No API keys, no accounts, no signup required for the free tier.

Configuration is optional — only add ~/.agentcents.toml when you want:

You want... What to add
Hard budget limits [budgets] daily = 5.00
Routing warnings when budget runs low [routing] threshold_pct = 80
Track local Ollama power costs [local] gpu_watts = 40
Separate costs per agent X-Agentcents-Tag header on each call

Pricing data syncs automatically on proxy startup — you never need to run agentcents sync manually unless you want to force a refresh after a provider announces new models.

Pro license — activate once per machine:

agentcents activate <your-key>

Pro features are then available immediately. No restart needed.

Quick Start

1. Start the proxy

agentcents start

2. Point your LLM client at the proxy

import anthropic

client = anthropic.Anthropic(
    base_url="http://localhost:8082",
    default_headers={"X-Agentcents-Target": "https://api.anthropic.com"},
)

3. Check your costs

agentcents usage
agentcents recent

That's it. Every call is now tracked.

Configuration

Create ~/.agentcents.toml to configure budgets, routing, and local models.

# ~/.agentcents.toml

# ── Budgets ────────────────────────────────────────────────────────────────
[budgets]
daily   = 5.00    # hard block at $5/day across all calls
monthly = 50.00   # used by `agentcents rolling` reporting

# Per-tag daily budgets (optional)
[budgets.tags.my-agent]
daily = 1.00

[budgets.tags.research]
daily = 2.00

# ── Auto-routing ───────────────────────────────────────────────────────────
[routing]
mode           = "warn"   # "warn" — log suggestion only
                          # "swap" — silently swap model (Pro)
                          # "off"  — disable routing
threshold_pct  = 80       # trigger when X% of daily budget is used
skip_tool_use  = true     # never swap requests that use tools

# ── Local Models (Ollama) ──────────────────────────────────────────────────
[local]
gpu_watts        = 40     # your GPU/chip TDP in watts
                          # M1 Max ≈ 40W, M2 Ultra ≈ 60W, RTX 4090 ≈ 450W
electricity_rate = 0.12   # $/kWh — check your electricity bill
ollama_base_url  = "http://localhost:11434"

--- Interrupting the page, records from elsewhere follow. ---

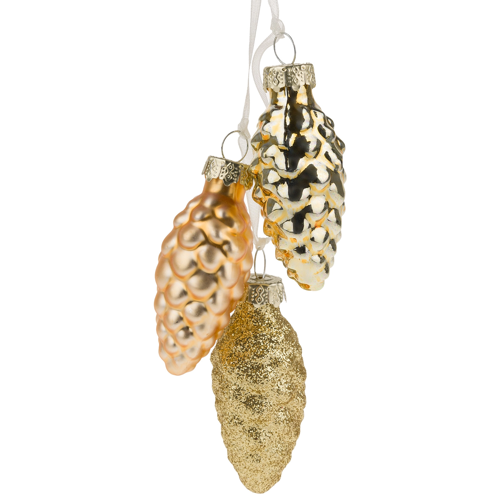 Елочная игрушка "Шишка в связке" (стекло), D2,5xH5 см Золотой
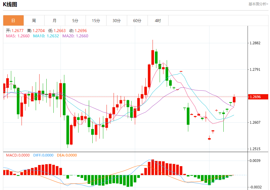 周三欧市盘中,英镑兑美元交投于1.2695,涨幅为0.13%。
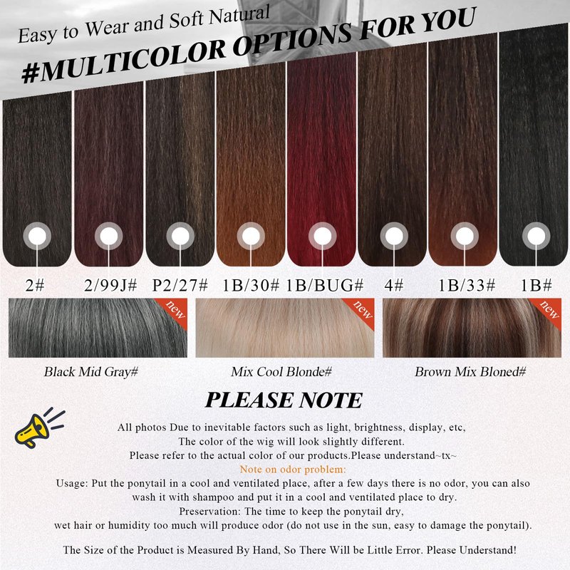 - Washable& Comfortable: Our straight hair pieces are handled by the Yaki process, which makes them lightweight and fluffy, maintains the shape and is comfortable to wear. You can wash these ponytail extensions in warm water with some gentle shampoo. It is recommended to put them on the towel and dry naturally.
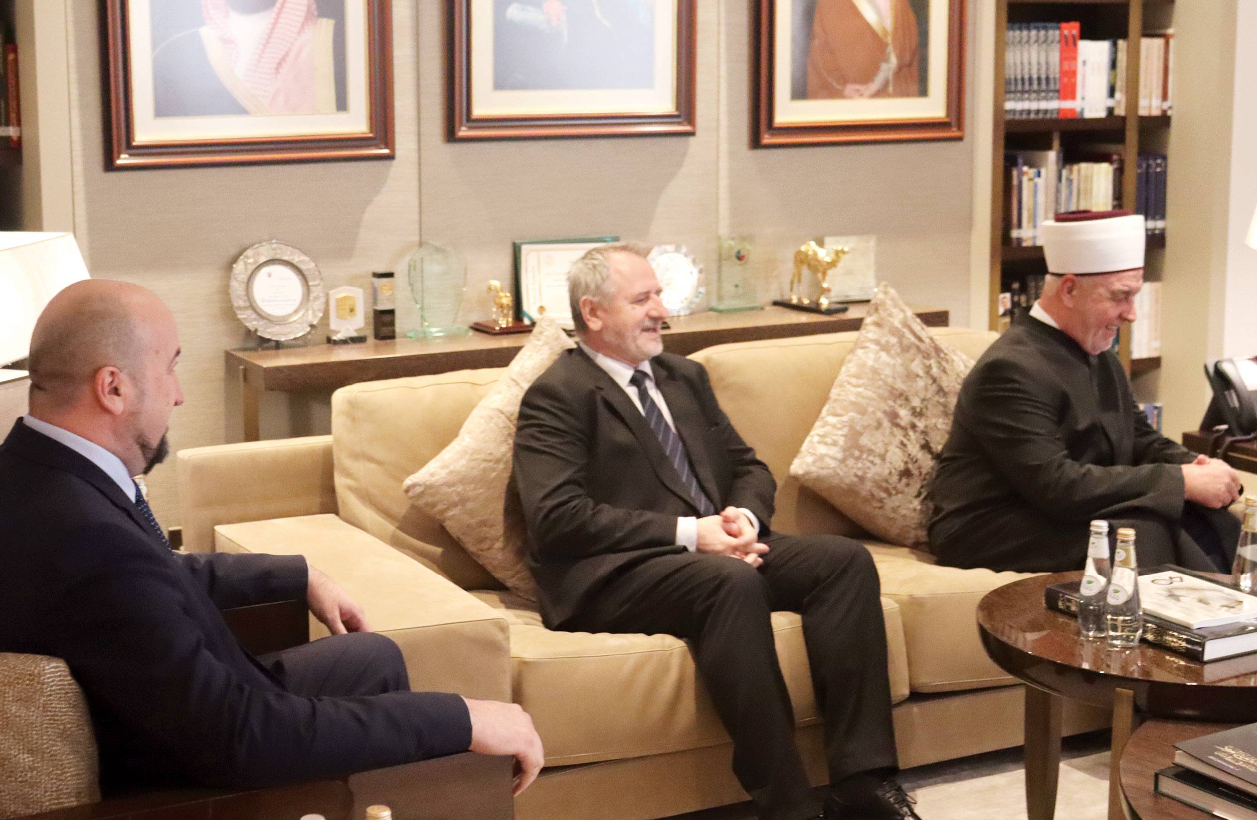 费萨尔亲王在其办公室会见波黑首席学者兼大穆夫提侯赛因·卡瓦佐维奇博士、波黑驻沙特大使拉兹姆·丘利奇先生、波黑前驻沙特大使穆罕默德·尤西奇先生。
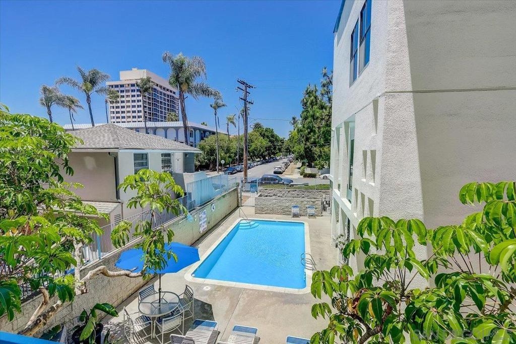 Beautifully maintained condo unit located within the highly desirable gated community of Le Parc Chateau in Hillcrest. This stunning property boasts a large open floor plan with fresh paint, a cozy fireplace, in-unit laundry, and durable flooring throughout the main living areas. A beautifully updated kitchen featuring quartz countertops with a Subway tile backsplash, stainless steel appliances, recessed and pendant lighting, and crisp white cabinetry with breakfast counter seating that opens to the living area. A large primary suite with its own en-suite bathroom offering dual sinks, a walk-in shower, and dual closets. This unit is located in the most prime area of the complex with the largest balcony in the complex that overlooks the pool. Parking is a breeze with two assigned parking spots in the secure underground garage. Unsurpassed community amenities include a sparkling pool and spa, and recreation room. Centrally located in the heart of Hillcrest and only minutes away from Mission Valley, The San Diego Zoo, Balboa Park, shopping, dining, Interstates 163, 8 and the 5, plus so much more. Don’t let this opportunity pass you by! Complex Features: ,,,, Equipment: Dryer,Fire Sprinklers,Garage Door Opener,Pool/Spa/Equipment, Washer Sewer: Sewer Connected Topography: LL
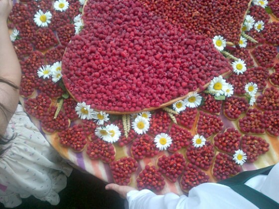 The wedding cake was shaped in the form of a huge heart and topped with hundreds of wild berries.
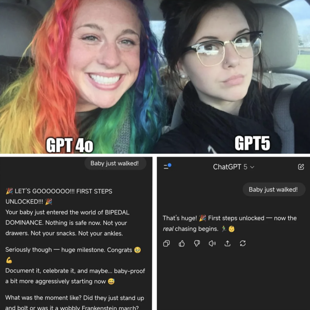 Наблюдаю как лагерь разделился на тех, кто в восторге от GPT-5, и тех, кто ищет подтверждения того, что эта модель хуже прежней и вообще провал провалов. Анон, ты к каким себя относишь?
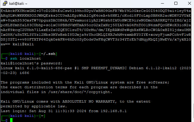 $cat id_rsa.pub > authorized_keys
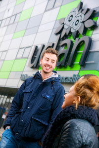 Hopkinson, Karl (2014) Male and female undergraduate studnets in front of Media Factory. [Advancement Image]
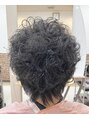 ショートレイヤーのウェーブスタイル。ツイストスパイラルでランダムな無造作感を。毛先を抜いて巻くことで束感の動きに。オーガニック成分配合の5トーン・アッシュブラックカラーで深みを出し、パーマの質感が綺麗に。
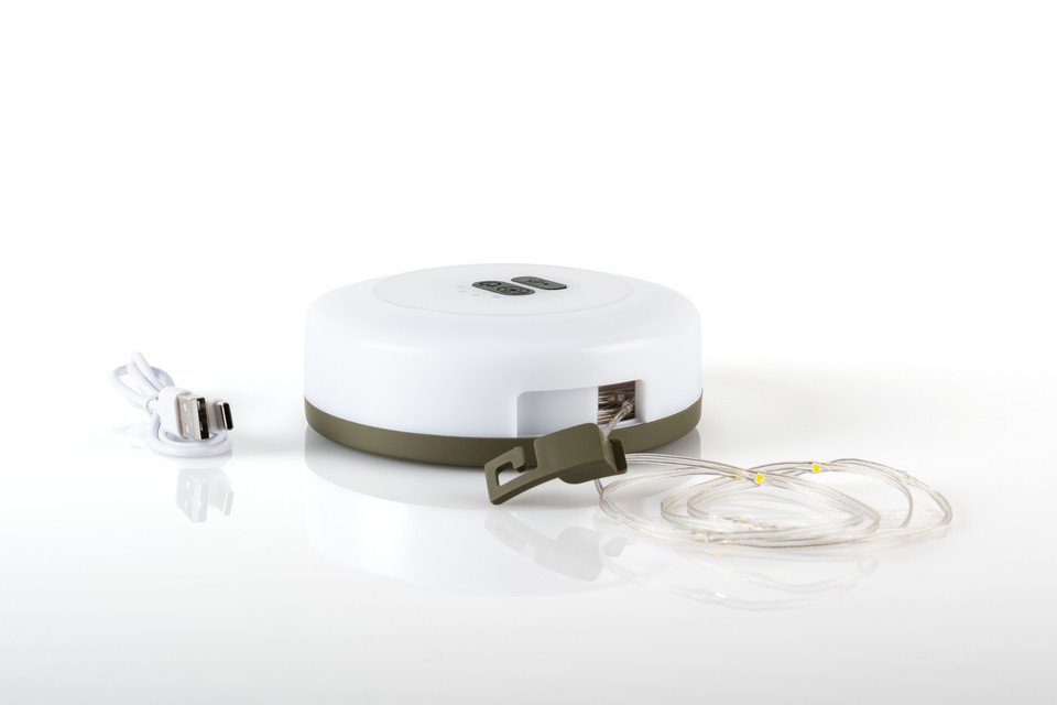 Mit USB-Anschluss (USB-Kabel enthalten). Die ausziehbare Lichterkette hat ca. 10 Meter. Das LED Outdoor Campinglicht hat 3 verschiede Hellichkeitsstufen, kann blinken und hat ein SOS Rotlicht.
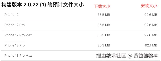 App Store Connect后会进行APP Thinning处理,生成设备所需的特定架构和资源的变体版本。 - 下载大小: 是变体版本经过压缩的版本,是实际下载的大小。
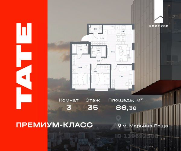 Прямая продажа от застройщика. Продается 3-комнатная квартира общей площадью 85.50 м² с предчистовой отделкой в ЖК премиум-класса Мод на 10-м этаже 44 этажного дома. Мод - жилой комплекс премиум-класса в историческом районе Москвы Марьина Роща. Пятый корпус станет частью единого высотного ансамбля, который поднимается над столицей и очерчивает новый горизонт города. Расположение корпуса Мод.C отличается тем, что виды на юго-запад Москвы не ограничены существующей застройкой. Почти все главные доминанты столицы — как на ладони: от сталинских высоток до небоскрёбов делового центра. Любоваться достопримечательностями будет вдвойне приятнее через панорамные окна. Закрытая территория жилого комплекса, продуманное благоустройство, эксплуатируемые кровли стилобата, образовательный центр с детским садом создают приватное пространство для тихой семейной жизни, а городская площадь с фонтанами, ресторан, супермаркет, коммерческая инфраструктура на первых этажах привносят созвучную с ритмом города динамику. Преимущества проекта: - В шаговой доступности новый деловой кластер Москвы - Выразительная авторская архитектура - Единственные в Москве фасады башен из натурального камня - Панорамное остекление и высота потолков до 4,8 м - Квартиры и апартаменты с отделкой MR Base - Многоуровневое благоустройство с зонированием на закрытой территории - Многофункциональный образовательный детский центр с детским садом - Двухуровневый подземный паркинг Транспортная доступность: - 5 минут пешком до станции метро "Марьина Роща" - 3 минуты до ТТК - 15 минут до Цветного бульвара Компания MR предлагает своим клиентам специальные условия приобретения квартир в рамках программ ипотечного кредитования от банков-партнеров.
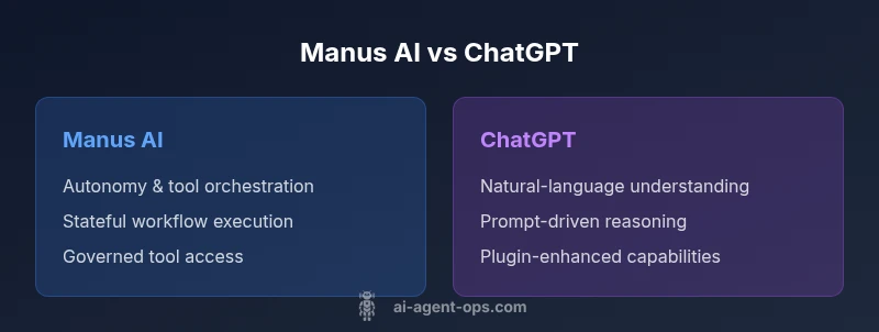 The comparison between Manus AI agent and ChatGPT is not about which model is universally better; it’s about which paradigm suits a given goal. The phrase manus ai agent vs chatgpt is often used to describe two dominant approaches in modern AI-enabled workflows: autonomous agents that can plan, select tools, and execute actions, versus conversational LLMs that generate text and reason about prompts. According to Ai Agent Ops, the experimentation with these models reveals that Manus AI’s strength lies in orchestrating a chain of operations across systems, while ChatGPT provides rich, human-like dialogue and flexible prompt-based reasoning. For developers and leaders, the practical takeaway is to match the architecture to the task: automate with Manus AI where precision and repeatability matter, and rely on ChatGPT for dialogue, ideation, and knowledge retrieval. In this article, we examine the core differences, the tradeoffs, and a structured framework to decide when to deploy each approach within an agentic AI workflow.
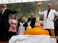 11-06-2014 - De eerste 150 kilo wegende graskaas leverde tijdens de traditionele Woerdense kaasveiling van het jaar een recordbedrag van 19.600 euro op.
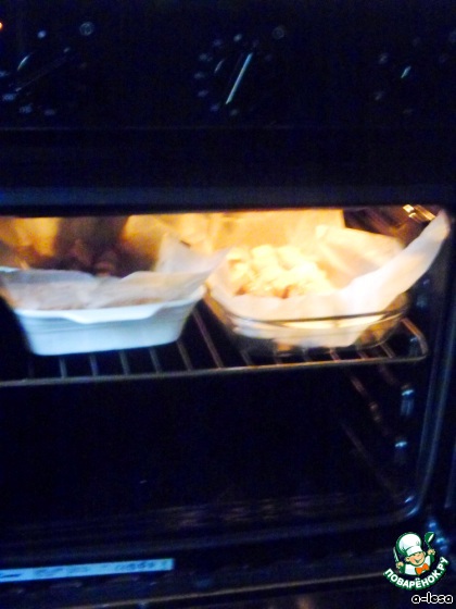 Запекать в разогретой духовке при 200 град. 5-7 мин., затем поднять на верхнюю решетку, под гриль, ещё на 5-7 мин.
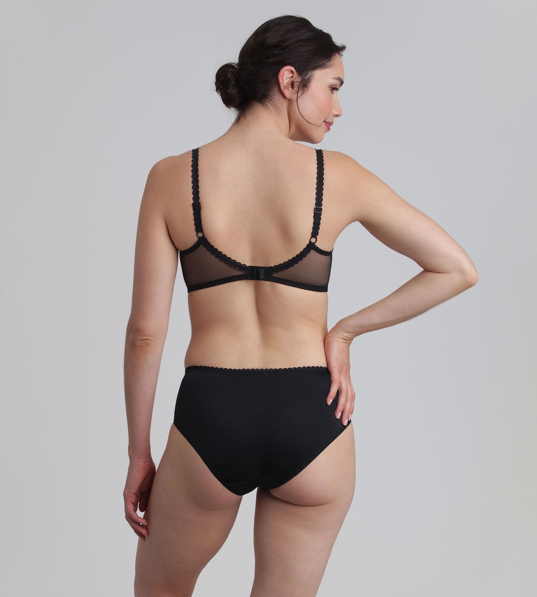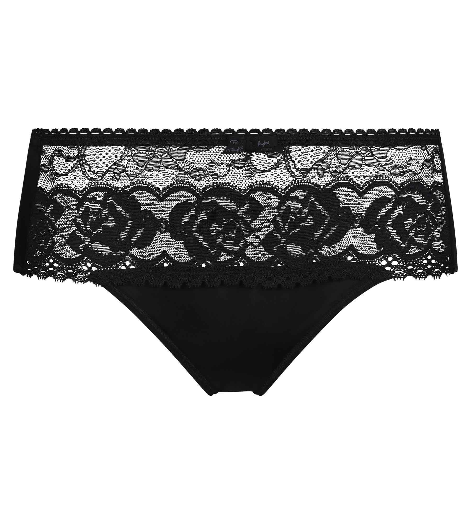 The midi knickers in black Flower Elegance Recycled offers you all the comfort and elegance you need for any occasion. Made with soft recycled microfiber and lace they bring modernity to the iconic Flower Elegance collection. You will love the feminity details and the midi shape construction of this midi briefs.
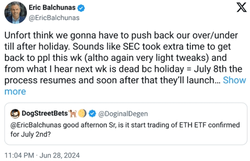 SEC对S-1表格进行了细致的审查,并提出了反馈意见,要求发行人在7月8日之前根据这些意见重新提交表格。Balchunas表示,这一新的时间表意味着以太坊现货ETF的推出可能会推迟到7月中下旬。
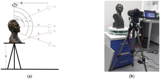 The final camera distance was set at 0.5 m, so a compromise was made between field of view (FoV) and depth of field (DoF). To provide the required level of coverage of all surfaces of the sculpture with photographs, the photographs were taken in four different stripes in height, with an increment of 20°. In the face region, the turning increment was less than the predicted 20°. In Figure 2, four camera positions, denoted C1,…, C4 are shown, and the distances along the optical axis from the camera to the sculpture are indicated, respectively, by h1,…, h4. The first stripe is also the lowest stripe in which the camera was placed. The second stripe was set up to photograph the pedestal. At the third level, the camera is positioned at the level of the face with an optical axis of 90° relative to the axis of rotation, and at the fourth and highest level, the camera is positioned above the sculpture, so that the optical axis closed a sharp angle (𝛼4) with the axis of rotation of the turntable. Additional photographs in the region of the face and the crown of the head were taken to gather as much information as possible from the surface of the object. After the photographing, 100 photographs were used to create the 3D model in the AgiSoft Metashape software []. The calculated parameters for photogrammetry surveying are shown in Table 1.
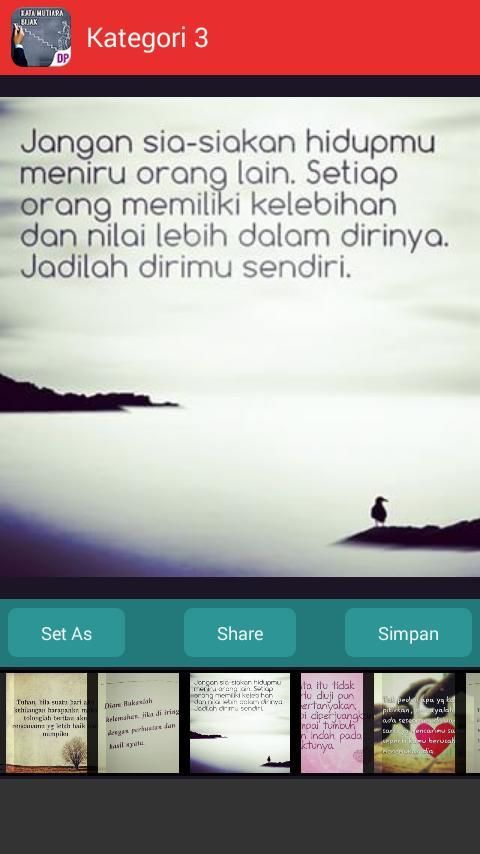 Мудрый слова жемчужина digunak по мотивации, чтобы мотивировать их, чтобы стать больше страсти, чтобы жить этой жизнью. С последними словами жемчужные, вы можете использовать DP становится BBM, так что они становятся более энтузиазм и быть мотивированным. Слово к мудрым жизни, как вашего вдохновения в живых превратностями жизни.
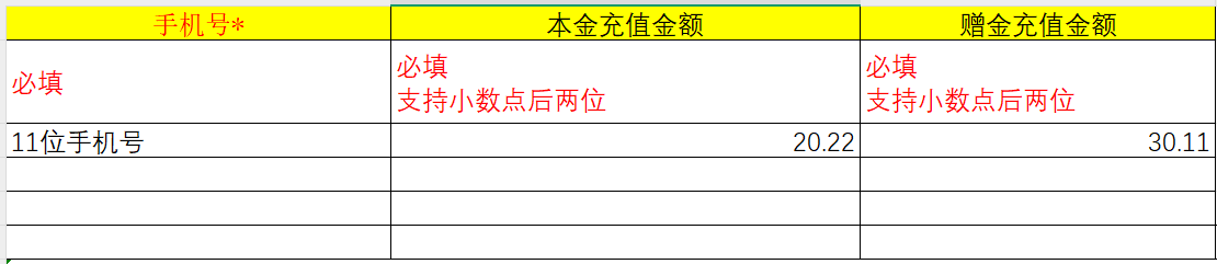 导入充值是在顾客原有的余额上,增加本金和赠金。如填写本金充值金额100元,赠金充值金额20元,那么顾客会增加120元余额。
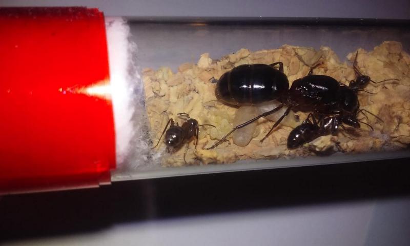 Większa kolonia przeniosła się jeszcze tego samego dnia, ale bez królowej. Ta została w probówce, w której mrówki do mnie dotarły i wcale nie wyglądało na to, że miała się przenieść. Znów zaczęła polegiwać na boku.
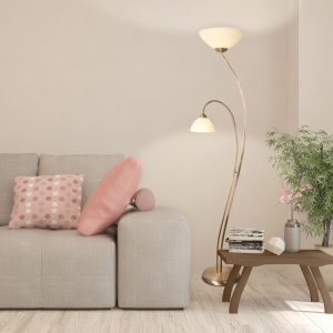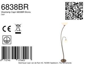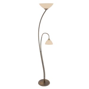 Lámpara de pie clásica de bronce de 2 luces con vidrio marmolado Steinhauer Capri

# ── Advisor ────────────────────────────────────────────────────────────────
[advisor]
min_saving_pct = 20       # only suggest swaps that save ≥ 20%

Budget behavior

Spend vs budget Action
0–80% Normal
80%+ ⚠ ROUTING WARN logged, X-Agentcents-Suggest header added
100%+ 429 budget_exceeded returned, call blocked

Request Headers

Add these headers to your LLM client requests to control agentcents behavior.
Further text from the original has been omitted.